▸ Goal of the exercise: When you reach the line with "विभाजन एल्गोरिथ्म प्रयोग" in the records below, begin transcribing exactly and continue up to and including the line with "В честь 25-летия", leaving out every picture.
Top of Supplied data
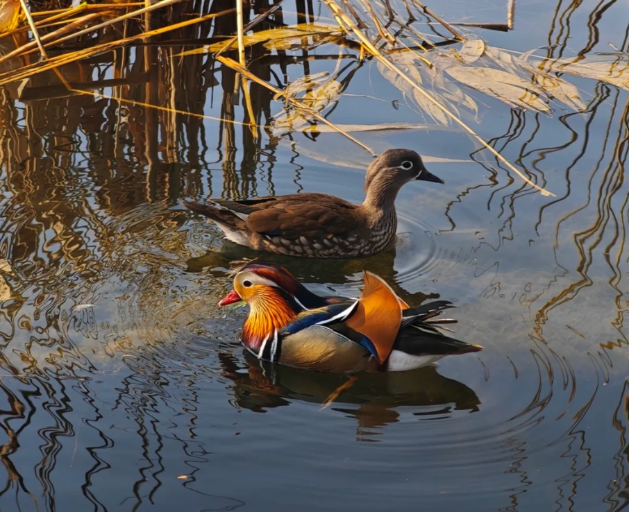 湖面上游着一对鸳鸯
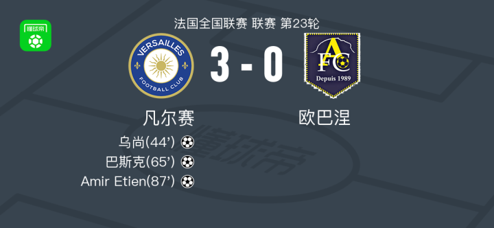 北京时间2月28日法国全国联赛 联赛 第23轮,凡尔赛主场对阵欧巴涅。凡尔赛乌尚破门,巴斯克破门,Amir Etien破门。最终比分维尔塞勒斯 3-0 欧巴涅。
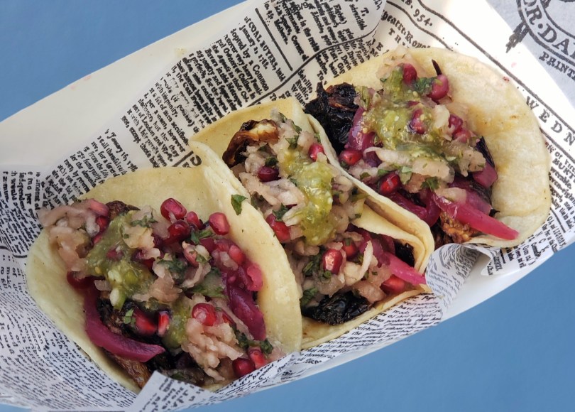 Here they have the Planet-erarium Tacos, which are vegan with no modifications! Brussels sprouts, salsa verde, pickled red onions, with apple and pomegranate slaw. They’re like Christmas dinner in a taco! They were super delicious, highly recommend!
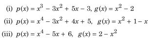 विभाजन एल्गोरिथ्म प्रयोग करके, निम्न में p(x) को g(x) से भाग देने पर भागफल तथा शेषफल ज्ञात कीजिए।
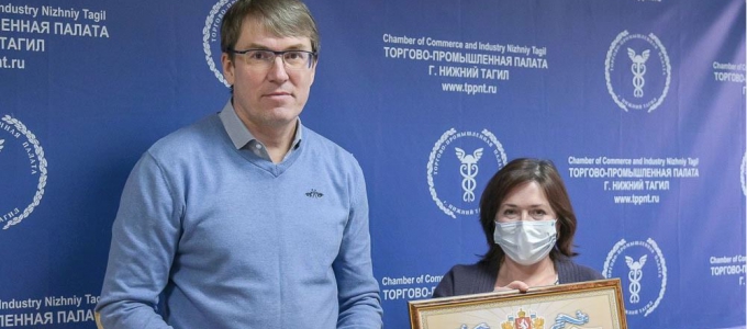 В честь 25-летия Торгово-Промышленной Палаты города Нижний Тагил за большой вклад в развитие предпринимательства депутат Законодательного Собрания Свердловской области Вячеслав Малых вручил Почетную грамоту Законодательного Собрания Свердловской области начальнику управления экспертизы, сертификации и оценке Горбушовой Владе Анатольевне.
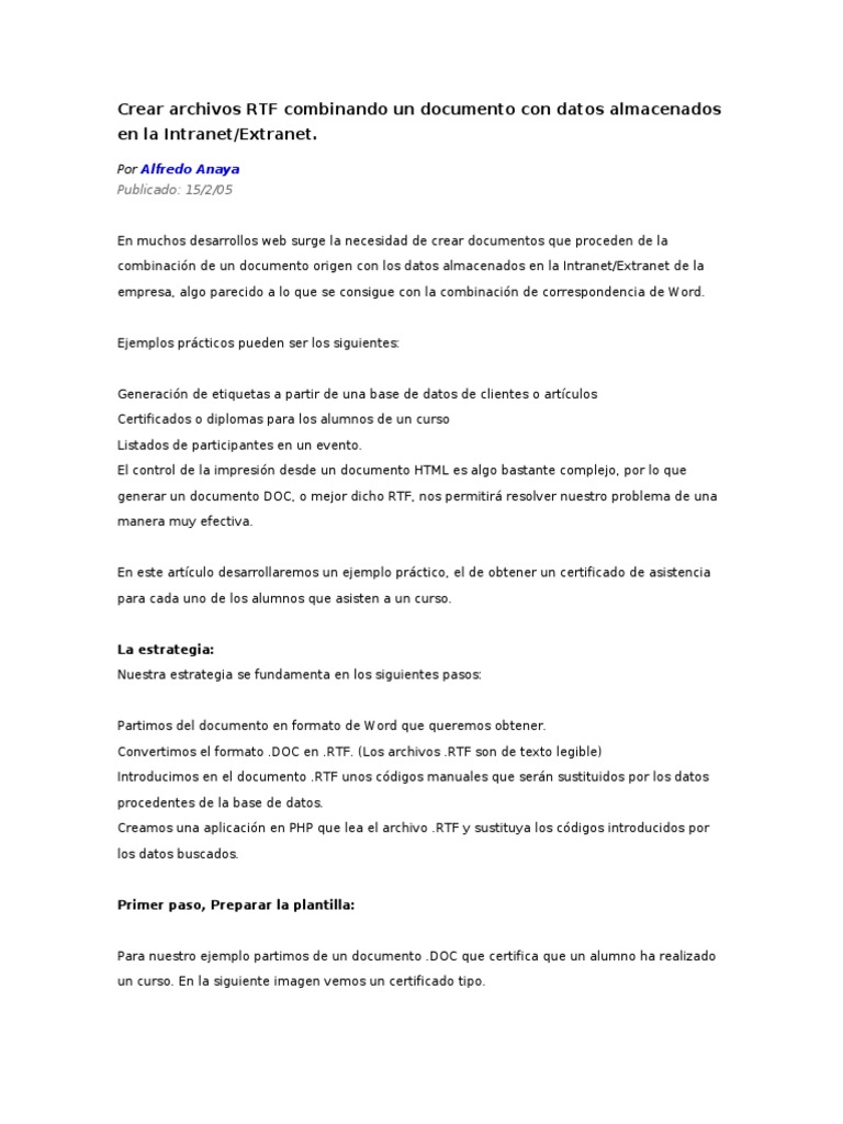 Partimos del documento en formato de Word que queremos obtener. Convertimos el formato .DOC en .RTF. (Los archivos .RTF son de texto legible) Introducimos en el documento .RTF unos cdigos manuales que sern sustituidos por los datos procedentes de la base de datos. Creamos una aplicacin en PHP que lea el archivo .RTF y sustituya los cdigos introducidos por los datos buscados.
Bottom of Supplied data
▸ Problem solution:
 विभाजन एल्गोरिथ्म प्रयोग करके, निम्न में p(x) को g(x) से भाग देने पर भागफल तथा शेषफल ज्ञात कीजिए।
 В честь 25-летия Торгово-Промышленной Палаты города Нижний Тагил за большой вклад в развитие предпринимательства депутат Законодательного Собрания Свердловской области Вячеслав Малых вручил Почетную грамоту Законодательного Собрания Свердловской области начальнику управления экспертизы, сертификации и оценке Горбушовой Владе Анатольевне.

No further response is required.